Recorded data
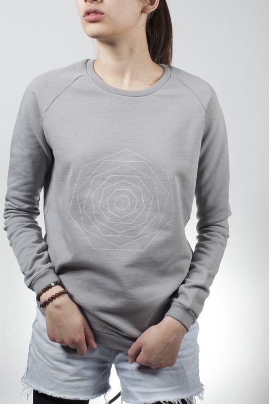 This sweatshirt features our elegant signature “septagon” flower in light gray on the front.
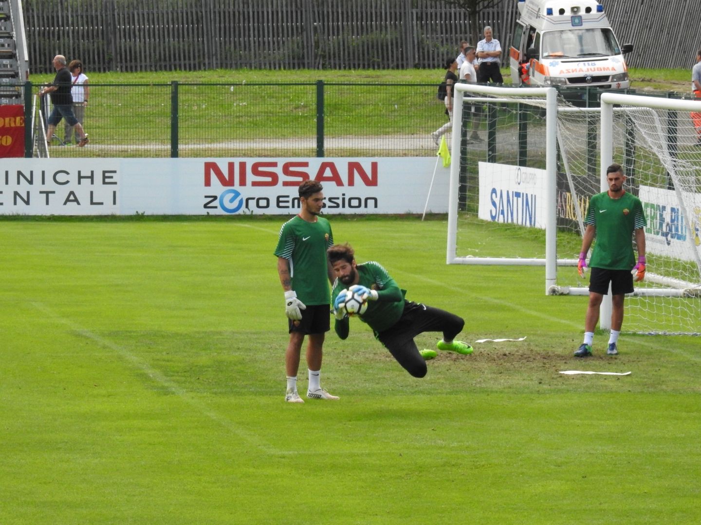 18.20 - Savorani, il preparatore dei portieri della Roma, mette con le mani la palla sotto la traversa e loro devo correre all'indietro e smanacciarla. Si parte da un palo, corsa verso l'altro, Savorani tira in controtempo e c'è il tuffo. Ogni portiere deve respingere 5 tiri per volta.
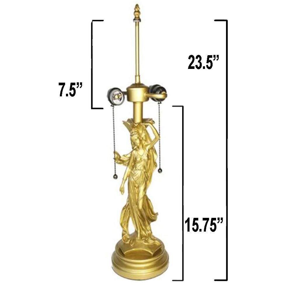 Rainbow Art Glass Lady Metal Lamp Base, Bright Gold Finish, Nicely Weighted, 23.25" Tall
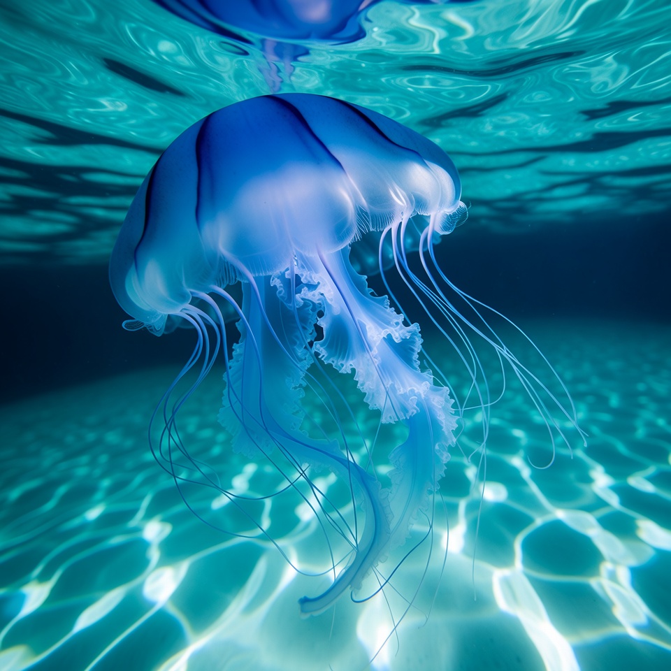 A translucent blue jellyfish with long trailing tentacles floats gracefully in clear ocean water. Its bell is striped in dark blue and glows softly against the turquoise underwater background. Rippling light patterns illuminate the surrounding water.
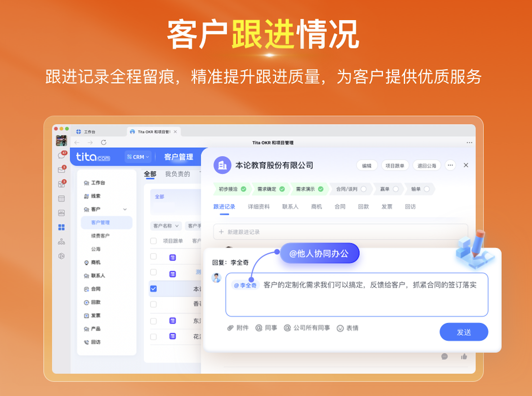 2024, Tita 重磅发布新品,开启“客户管理”与“项目交付”双引擎,帮助企业驱动业绩飙升!立即了解 《Tita 新CRM销售管理一体化》 。
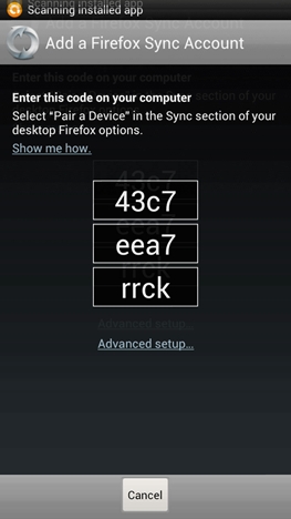 You will be asked by the Firefox to type the keys that the device generates. When you type in the correct key, all the data will be instantly synced.
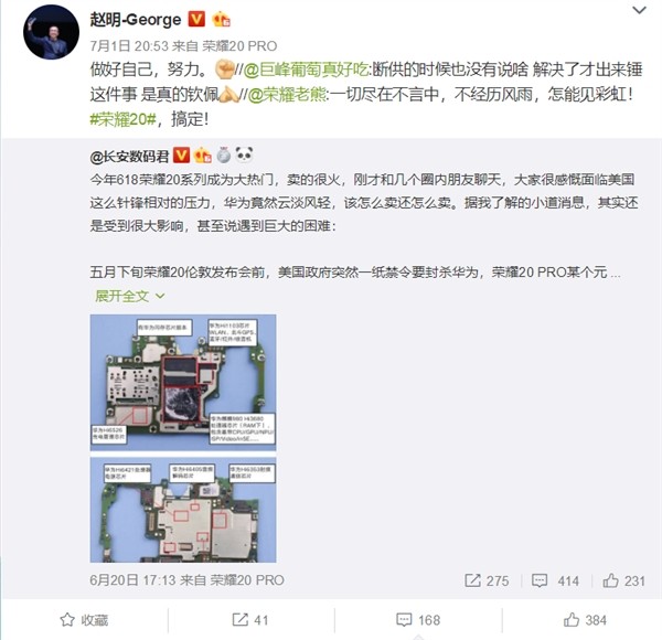 第二次是荣耀PRO 20发售时,某家元器件供应商突然“断供”,一度导致荣耀20 PRO的产能和供货紧张,但荣耀随即紧急启用“备胎计划”。荣耀20 PRO也因发货慢,喜提大波一星差评。但官方也回应得的不冤,对荣耀20 PRO并未造成明显的影响,那家供应商也很快“反悔”并恢复供货,目前荣耀20 PRO已经开放购买。
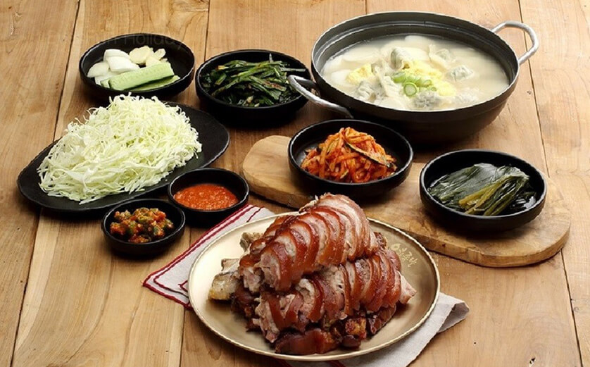 是首爾當地非常有名的美食,以其獨特的香氣與軟 Q 口感而聞名。豬腳經過長時間的燉煮,將肥肉部分的油膩感去除,只留下軟嫩的膠質,口感彈牙,充滿了香醇的滷汁風味。搭配切成薄片的蒜片、新鮮生菜和特製醬料一起享用,更能襯托出豬腳的美味,清爽解膩。
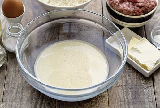 - Verwarm melk tot 35-36 graden, voeg gist en een theelepel suiker toe. Roer deze ingrediënten door elkaar en laat 15 minuten staan.
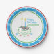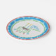 Cute and Personalised Running Shoe sports theme party supplies. A Paper Plate to double as colourful Birthday Decor. Add a Name for Unique tableware.
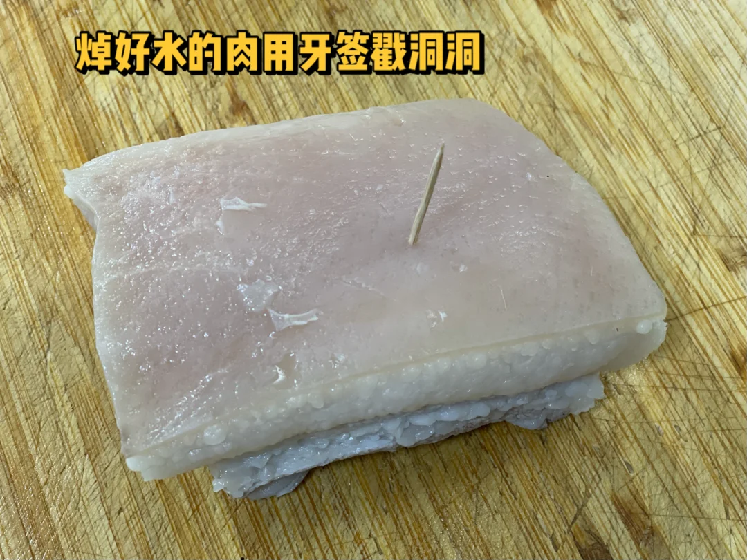 2最好选一块四四方方的肉,我们这里都不行只给你切长条那种,把我气的不行就凑合了,肉冷水入锅一勺料酒生姜片烧开,温水冲净浮沫待用,擦干水份
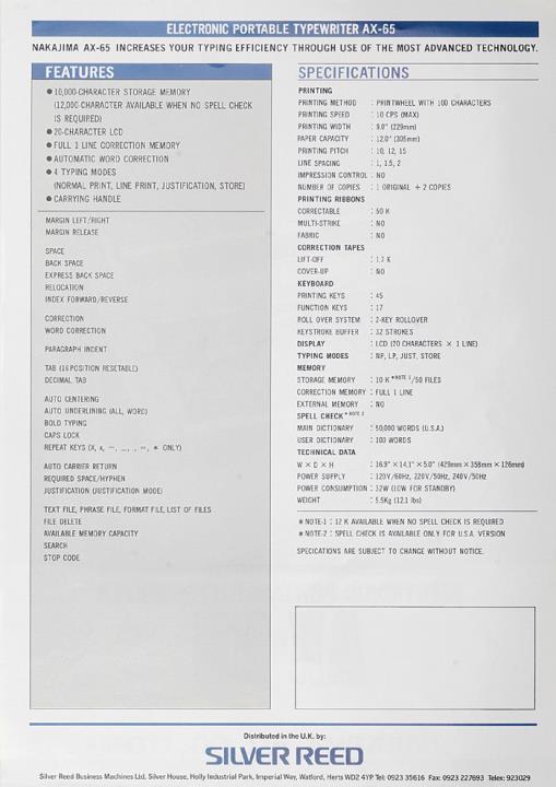 Prospekt für elektronische Schreibmaschine Nakajima AX-65
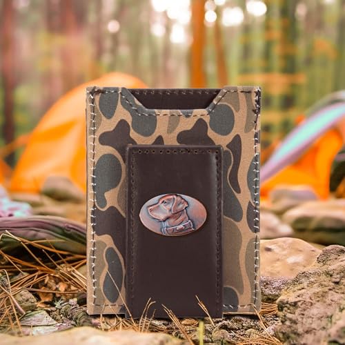 ZEP-PRO Lab Men's Magnetic Front Pocket Old School Camo Leather Wallet – Slim Design with Card Slots and Money Clip, Brown/Tan Camo
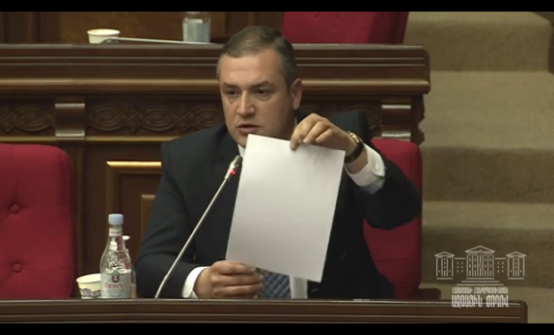 Депутат Нацсобрания Армении Тигран Уриханян сегодня в ходе правительственного часа преподнес премьер-министру Николу Пашиняну лист бумаги, чтобы тот все-таки написал заявление об отставке. Видеотрансляция заседания парламента проходила на его официальном канале в YouTube.

◆ Task to complete
After dropping the pictures, reproduce exactly the lines from the first line of the entries through the line containing "18.20 - Savorani, il", both included.

◆ The completed task
 This sweatshirt features our elegant signature “septagon” flower in light gray on the front.
 18.20 - Savorani, il preparatore dei portieri della Roma, mette con le mani la palla sotto la traversa e loro devo correre all'indietro e smanacciarla. Si parte da un palo, corsa verso l'altro, Savorani tira in controtempo e c'è il tuffo. Ogni portiere deve respingere 5 tiri per volta.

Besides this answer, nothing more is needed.